La via Longaretti culmina nelle vicinanze dello splendido roccolo di Valpiana, pregevole testimonianza di architettura montana, con vista impagabile sui monti Menna e Arera, finalmente visibili grazie al dissolvimento delle nubi. Proseguiamo il cammino sfiorando alcune splendide cascine sparse tra simpatici cocuzzoli erbosi. Giungiamo così alla cà di Zöcc (1079m), ameno casolare alle pendici dell’Alben immerso nel verde. Questa struttura un tempo ospitava il centro fondo di Valpiana, fucina di campioni del Biathlon, mentre oggi è stata convertita in ristorante (aperto in autunno solo la domenica a pranzo).
Scambiamo due parole con il titolare rievocando i tempi in cui la neve cadeva copiosa e la pista richiamava numerosi fondisti. Parlando del più e del meno ci ritroviamo a discorrere di fauna del territorio: «quarant’anni fa abbondava la “penna” mentre scarseggiavano gli ungulati; oggi è esattamente il contrario, forse per l’innalzamento delle temperature, ma è proprio così». In effetti, girovagando per le Orobie, capita spesso di imbattersi in cervi, caprioli, camosci e stambecchi mentre avvistare l’avifauna è sempre più un privilegio. Riguardo al toponimo molto originale, con tono quasi dispiaciuto, risponde: «zöcc in bergamasco dovrebbe essere il plurale di gioco, ma nessuno tra gli anziani e nemmeno in comune è riuscito a dirmi se questa fosse una zona di svago o qualcos’altro».
Dalla cà di Zöcc ci incamminiamo verso Serina sul sentiero H09. È una gradevole discesa nel bosco fitto che lambisce alcune sorgenti sfruttate dagli acquedotti del paese e raggiunge le case alte del paese. Ci abbassiamo di quota tornando nel cuore di Serina per ripercorrere la via Mercatorum con le ultime luci del giorno.

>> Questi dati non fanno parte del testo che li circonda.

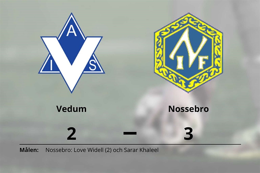 Det blev Nossebro som gick segrande ur mötet med Vedum i division 6 Trollhättan herr i fotboll på bortaplan, med 3-2 (2-1).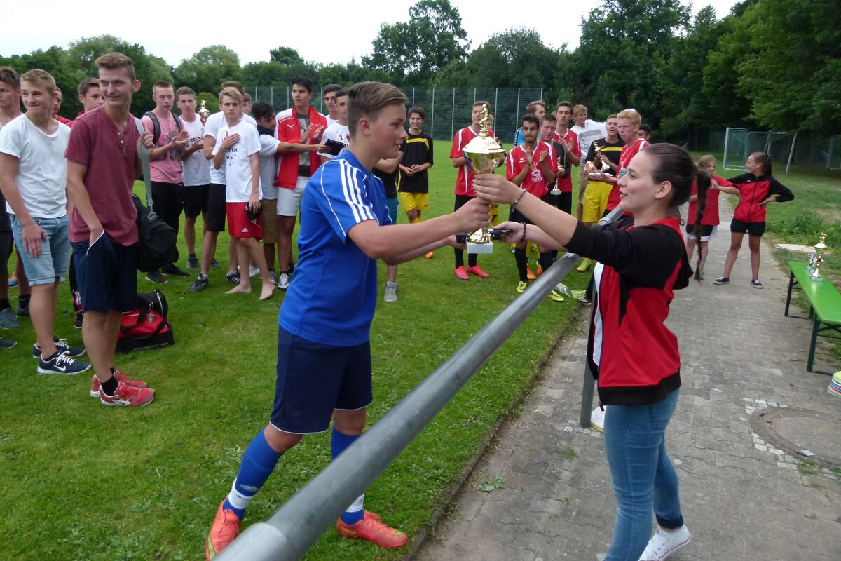 Unser „Tiger“ Philipp hatte zuvor selbst vom Punkt aus getroffen und jetzt die Chance nach erneuter Führung im Kasten die Entscheidung herbeizuführen, um sich selbst mit dem Siegerpokal zu belohnen: Hält er, sind wir durch und der „Pott“ geht nach Birkach – wenn nicht, schießen wir weiter… Aber Philipp wollte wohl heim, denn er tauchte nochmals in die untere Ecke ab und parierte wiederholt „löwenstark“ ;-) zum 6:5! Endlich war es geschafft: Turniersieg! Verdienter Turniersieg! Die über das gesamte Turnier spielstärkste Mannschaft hat den Pokal mit nach Hause genommen. Und nicht „nur“ diese Trophäe, unser Nik hat als bester Torschütze der Vorrunde auch einen Pokal erhalten. Es war eine super und geschlossene Mannschaftsleistung, in der kein Spieler im Laufe des Turniers abgefallen ist. Im Gegenteil: Leon Köhler und Philipp Linhartspielten mit Unterstützung ihrer Kameraden das Turnier ihres Lebens!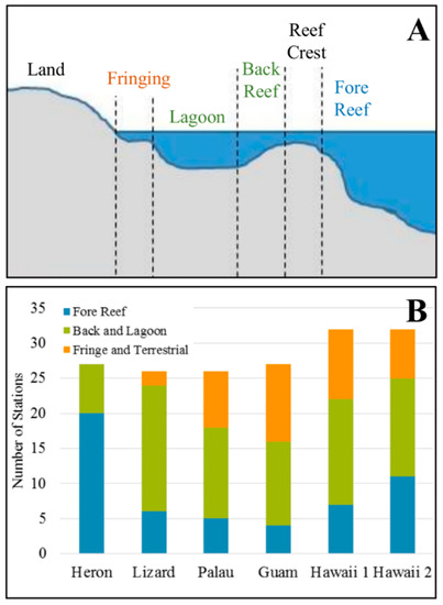(A) A visual depiction of the different tropical coral reef zones going from the outer fore reef most influenced by oceanic water to the nearshore fringing and terrestrially impacted zone. (B) The number of stations sampled from each campaign with the three broad geomorphic zones color coded similarly to panel (A).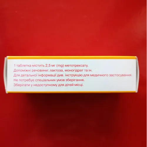 Категорично уникати алкоголю. Передозування: гематемезис, мієлосупресія, ниркова/печінкова недостатність – антидот лейковорін (фолінієва к-та) 100 мг/м² в/в негайно, потім кожні 6 год ×36–48 год. Фармвзаємодія: посилює сульфаніламіди, НПЗЗ (ібупрофен), саліцилати, фенітоїн, ретиноїди, протипухлинні (цисплатин). Не з живими вакцинами. Жінки/чоловіки – контрацепція 6 міс після терапії. Не для самолікування. Зберігати <25°C, сухе темне місце, подалі від дітей. Термін придатності 3 роки. Упаковка: блістер 10 табл. по 2,5 мг. Відпуск: рецептурний. Ціна блістера ~100–250 грн.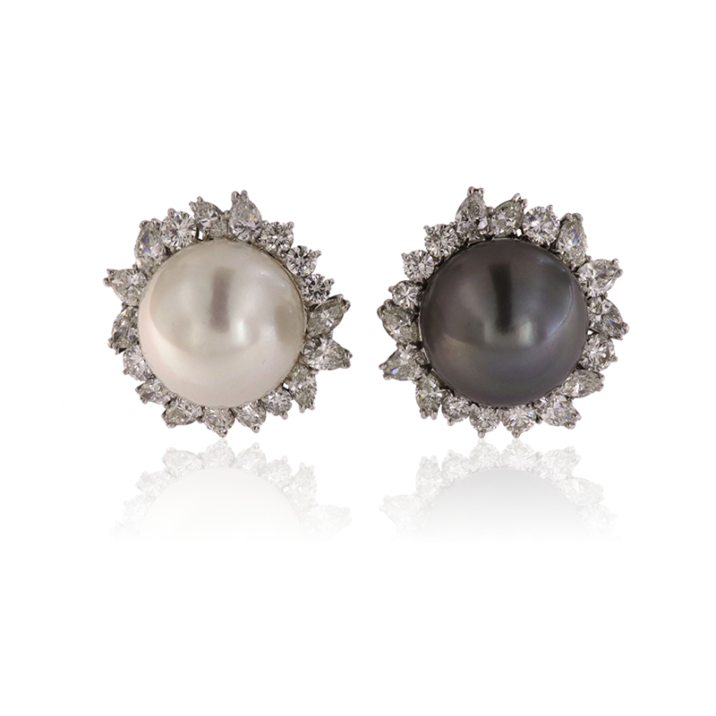 Orecchini in oro bianco dove la perfezione e la dimensione delle perle, bianca e nera, fanno esaltare la luminosità dei diamanti finemente incastonati.

Una volta giunto a casa, scarico la traccia del percorso e noto, con grande sorpresa, che la cima che abbiamo salito è indicata come cima di Valpiana. Approfondisco la cosa e noto che le principali app escursionistiche e alcune carte topografiche riportano il monte Castello più a Ovest, lungo la cresta che conduce al monte Vaccareggio. Alcune domande giungono legittime: «Come mai i cartelli e i report trovati in Internet descrivono questa come cima del monte Castello? Perché nessuno parla della cima di Valpiana? Abbiamo salito il monte Castello o la cima di Valpiana? Scioglierò il dilemma alla prossima scorribanda in Valserina.
P.S. l’itinerario qui descritto è lungo 12km con 850m di dislivello positivo. Calcolare quattro orette di cammino.